SUPPLIED RECORDS
⟨

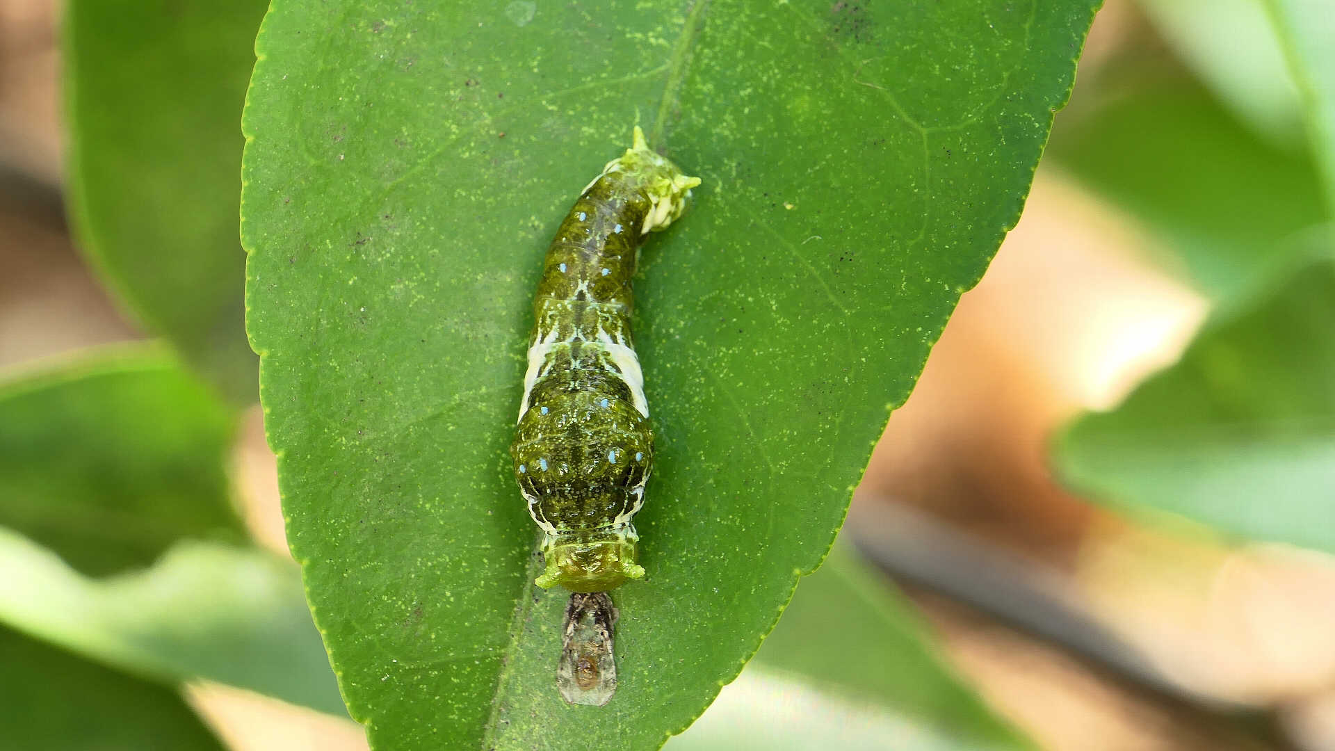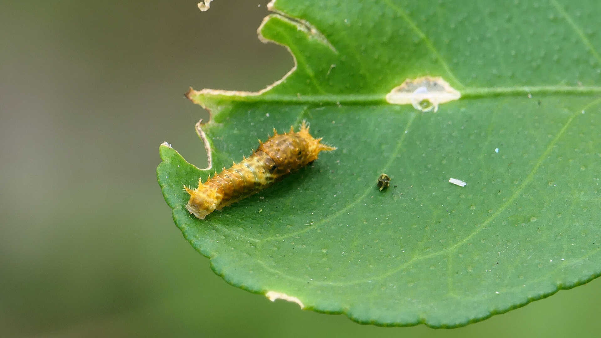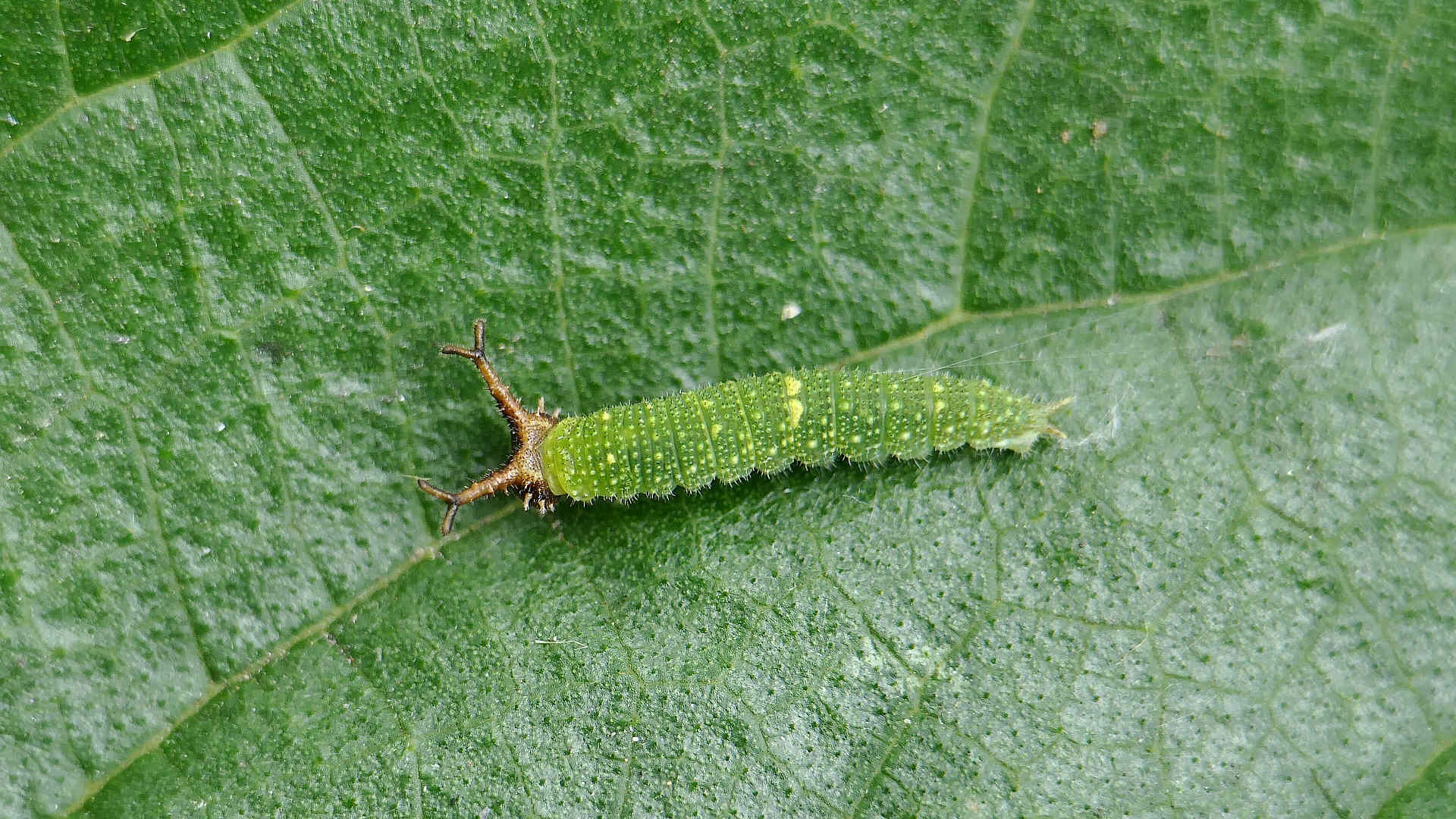今日の一枚_02。ゴマダラチョウ、幼虫。近所の公園。
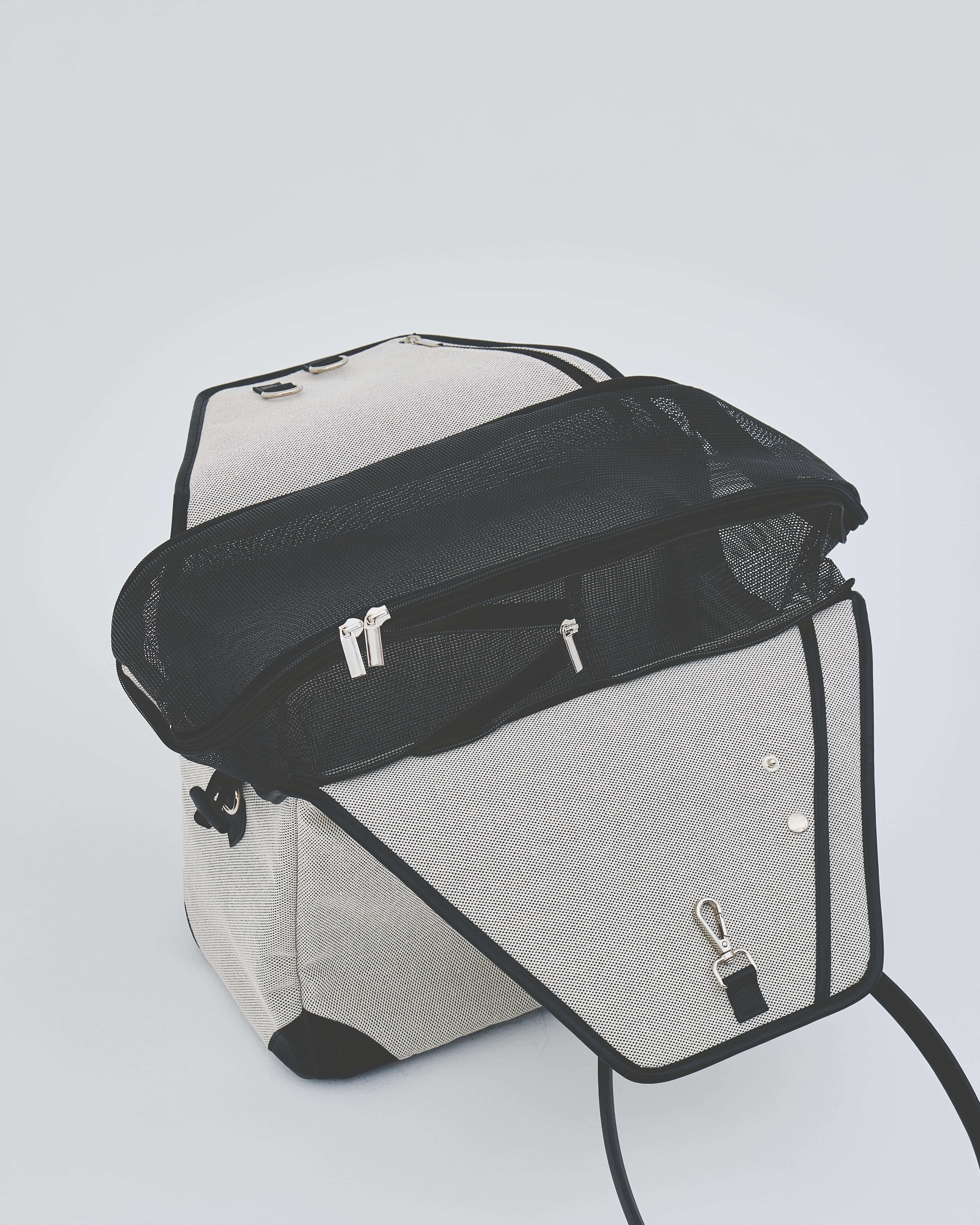 通気性の高いメッシュ蓋を採用し、蓋を閉じれば電車や新幹線などでも安心。高さも確保しているため、ペットが快適に過ごせます。
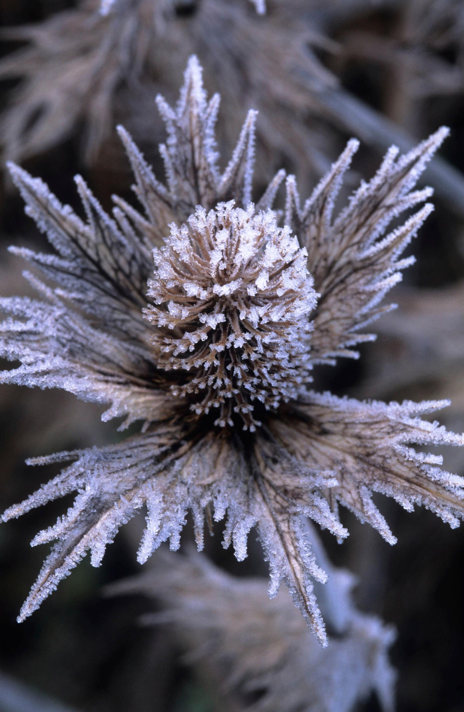 Jos kuura pääsee yllättämään loppukesästä kukkivan hohtopiikkiputken, tuloksena on talvipuutarhan kaunein koriste. Veistoksellinen perenna on helppo kasvattaa siemenestä, ja se pärjää paahteisessakin paikassa. Hohtopiikkiputki (Eryngium giganteum) ei aina selviä kevääseen, mutta kylväytyy kernaasti ja jää siten puutarhaan ilahduttamaan tarhuria ja pölyttäjiä.
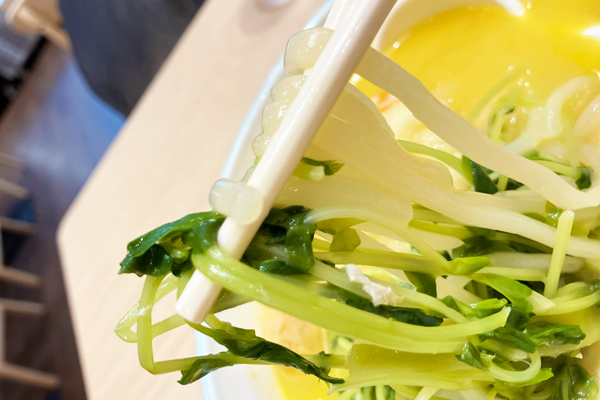 まずはスープを一口、酸味と辛さが程よい味わい。これまで麻辣湯で酸味を感じたことはほとんどありませんでしたが、これはこれで興味深い味わいですねー。唯一残念だったのは、パクチーがなかったこと、、、麻辣湯には欠かせないお野菜だっただけに。まあ、豆苗でも美味しいですけどねー。
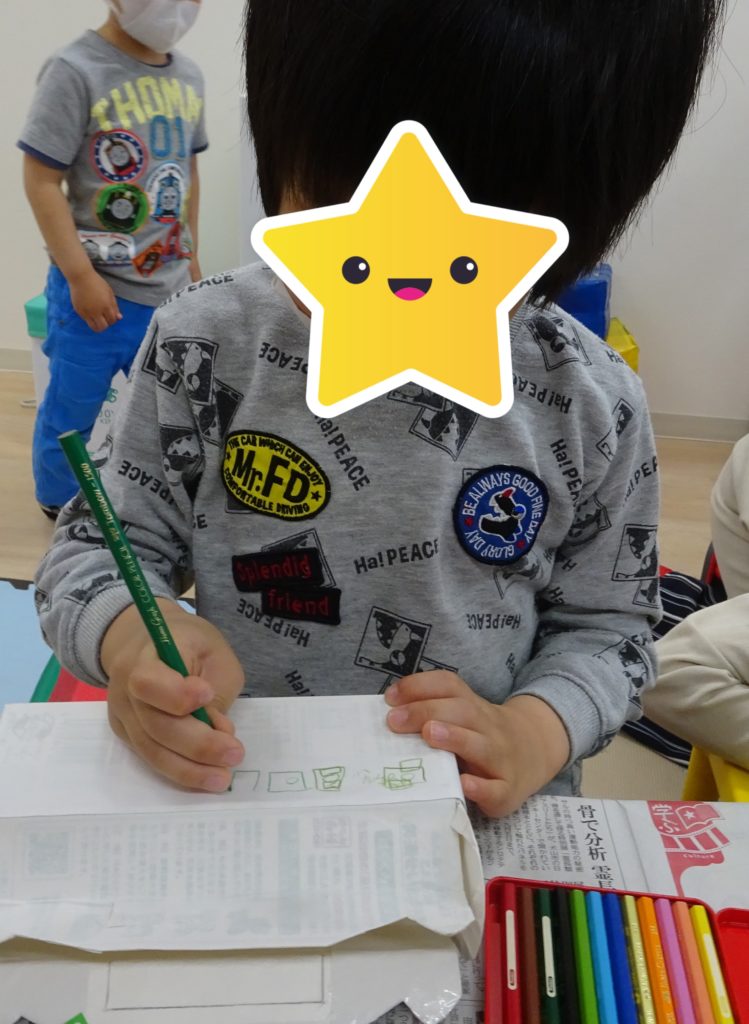 5月7日(土) 今日は折り紙でドーナツを作りました。 まずは、ドーナツを入れるための箱をみんなに絵を描いてもらいました! 大好きな貨物列車やバスの降車ボタンをいっぱい描いて、個性あふれるドーナツの箱ができあがりました^^ […]
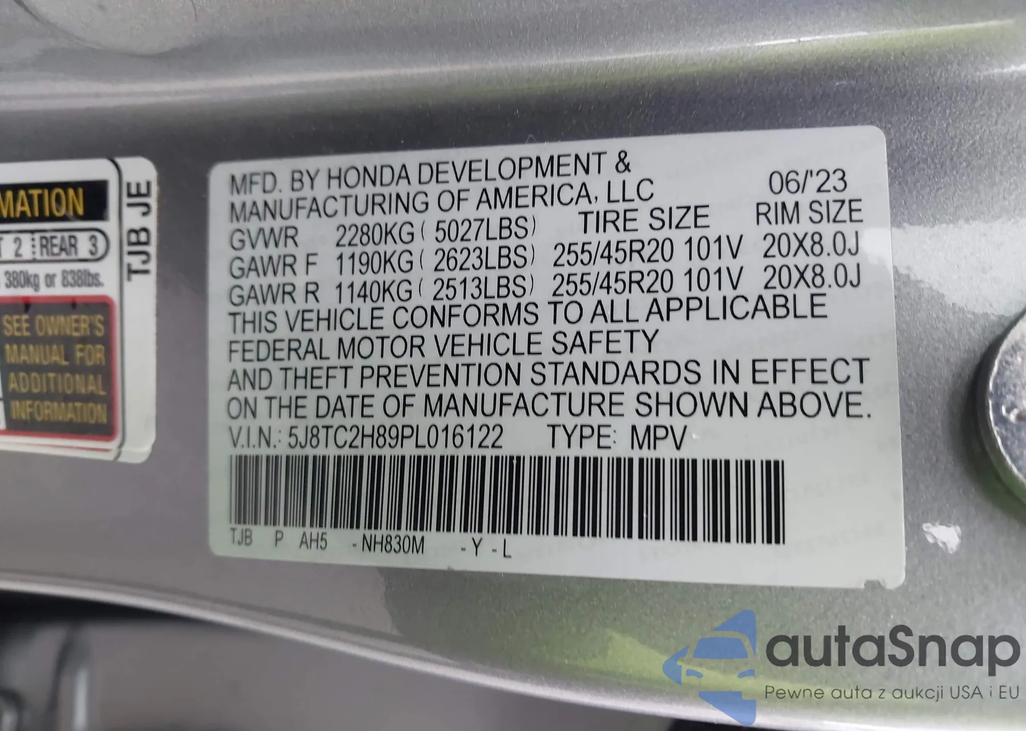 • VIN 5J8TC2H89PL016122

⟩

ASSIGNMENT
Please reproduce each entry exactly as given and omit the pictures.

WRITTEN SOLUTION
今日の一枚_02。ゴマダラチョウ、幼虫。近所の公園。
 通気性の高いメッシュ蓋を採用し、蓋を閉じれば電車や新幹線などでも安心。高さも確保しているため、ペットが快適に過ごせます。
 Jos kuura pääsee yllättämään loppukesästä kukkivan hohtopiikkiputken, tuloksena on talvipuutarhan kaunein koriste. Veistoksellinen perenna on helppo kasvattaa siemenestä, ja se pärjää paahteisessakin paikassa. Hohtopiikkiputki (Eryngium giganteum) ei aina selviä kevääseen, mutta kylväytyy kernaasti ja jää siten puutarhaan ilahduttamaan tarhuria ja pölyttäjiä.
 まずはスープを一口、酸味と辛さが程よい味わい。これまで麻辣湯で酸味を感じたことはほとんどありませんでしたが、これはこれで興味深い味わいですねー。唯一残念だったのは、パクチーがなかったこと、、、麻辣湯には欠かせないお野菜だっただけに。まあ、豆苗でも美味しいですけどねー。
 5月7日(土) 今日は折り紙でドーナツを作りました。 まずは、ドーナツを入れるための箱をみんなに絵を描いてもらいました! 大好きな貨物列車やバスの降車ボタンをいっぱい描いて、個性あふれるドーナツの箱ができあがりました^^ […]
 • VIN 5J8TC2H89PL016122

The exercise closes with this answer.